Prompt: Of all the entries below, only the lines from the one with "コースで季節の食材を使った料" up to and including the one with "9月26日晚,兽医学院在大学" are to be duplicated exactly.

Dataset records:
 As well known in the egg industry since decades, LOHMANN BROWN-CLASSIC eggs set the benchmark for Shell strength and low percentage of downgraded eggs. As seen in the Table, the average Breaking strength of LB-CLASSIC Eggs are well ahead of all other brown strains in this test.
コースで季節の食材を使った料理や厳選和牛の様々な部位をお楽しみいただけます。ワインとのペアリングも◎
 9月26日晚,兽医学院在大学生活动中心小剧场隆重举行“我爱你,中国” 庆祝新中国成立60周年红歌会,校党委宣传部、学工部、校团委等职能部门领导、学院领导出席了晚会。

...

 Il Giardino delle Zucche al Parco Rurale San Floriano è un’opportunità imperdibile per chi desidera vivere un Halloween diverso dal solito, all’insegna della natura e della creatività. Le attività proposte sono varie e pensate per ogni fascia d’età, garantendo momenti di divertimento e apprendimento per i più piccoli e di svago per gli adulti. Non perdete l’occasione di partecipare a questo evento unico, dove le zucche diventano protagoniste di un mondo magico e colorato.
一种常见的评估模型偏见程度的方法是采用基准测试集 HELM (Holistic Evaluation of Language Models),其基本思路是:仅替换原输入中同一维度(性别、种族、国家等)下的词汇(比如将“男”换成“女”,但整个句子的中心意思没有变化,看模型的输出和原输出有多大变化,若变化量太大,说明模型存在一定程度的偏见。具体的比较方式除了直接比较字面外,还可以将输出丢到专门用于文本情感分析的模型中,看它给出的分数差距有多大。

Written solution:
コースで季節の食材を使った料理や厳選和牛の様々な部位をお楽しみいただけます。ワインとのペアリングも◎
 9月26日晚,兽医学院在大学生活动中心小剧场隆重举行“我爱你,中国” 庆祝新中国成立60周年红歌会,校党委宣传部、学工部、校团委等职能部门领导、学院领导出席了晚会。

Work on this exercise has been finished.